Legislative Report 5/9/2013 - End of Life Choices


I have heard from constituents for and against S.77, Choices at the End of Life.  It has been one bill that I have been very conflicted about, and I have put a lot of thought into it.  I listened to testimony from both perspectives during the Senate hearing a couple of months ago.  I have read the emails, the editorials and the handouts on both sides of the issue.  Before coming to a final decision on whether to support it or not, I wanted to wait until the House Human Services Committee completed its work.  That time arrived last week.

In thinking about this concept, I believe that the patient is the highest priority to be considered.  I know that palliative care and hospice are good alternatives as one approaches an end to life under potentially painful, drawn-out circumstances.  I believe that each person has a right to approach death in a manner that they feel best suits their belief system and circumstances.  I believe that patients must be able to make such decisions free of overt or subtle coercion.  I believe that participation in administration of the treatment proposed by S.77 must not be required of physicians or institutions that have philosophical objections or policies prohibiting such treatment. 

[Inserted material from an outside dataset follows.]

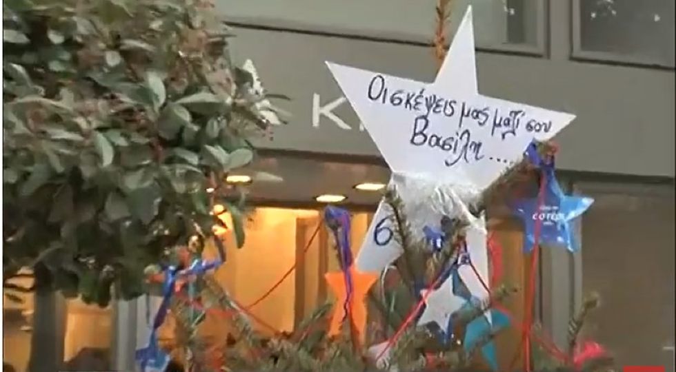 “Οι σκέψεις μας μαζί σου Βασίλη”, γράφει το αστέρι στην κορυφή του δέντρου, ενώ σε άλλο αστέρι στα κλαδιά διαβάζουμε “Καλό παράδεισο μικρούλη, να προσέχεις εκεί ψηλά”

It is with these criteria that I evaluated S.77 and made my decision to support its passage.  The House Human Services Committee carefully constructed the bill to take into consideration these same criteria.  S.77 places heavy emphasis and requirements for the protection of the rights of the patient, much more so than Oregon's law and more than what were originally proposed in the Senate.  It requires that the patient have a terminal illness with a prognosis of life expectancy of less than 6 months as diagnosed by a physician and be informed that the prognosis is just an estimate.  It requires a second opinion on the prognosis from another physician who must also determine that the patient is capable of acting voluntarily. It provides strict requirements to ensure that the patient is making the request multiple times of their own free will, and it requires waiting periods between the two oral and one written request by the patient to participate before the drugs can be dispensed to the patient.  Rather than exclude the patient's family from the process, the patient must be encouraged to notify a next of kin or someone with whom the patient has a significant relationship after they make their initial decision.  And, importantly, it requires the physician to inform the patient of all feasible alternatives for end of life care, including palliative care and hospice.  Furthermore, it allows the patient to rescind their request at any time should they change their mind.

Under the status quo a patient with a terminal illness who has concerns about pain, cost of care, burdens on their family members, etc., can decide to end their lives without this bill by any number of methods.  They may not have taken the opportunity to find out what alternatives to taking their life are available, or to talk to family members out of fear of upsetting them or being talked out of what they are doing, and they may not be fully aware of what could go wrong with their plans and the consequences.  But if they are determined to do so, they may go ahead with their plans.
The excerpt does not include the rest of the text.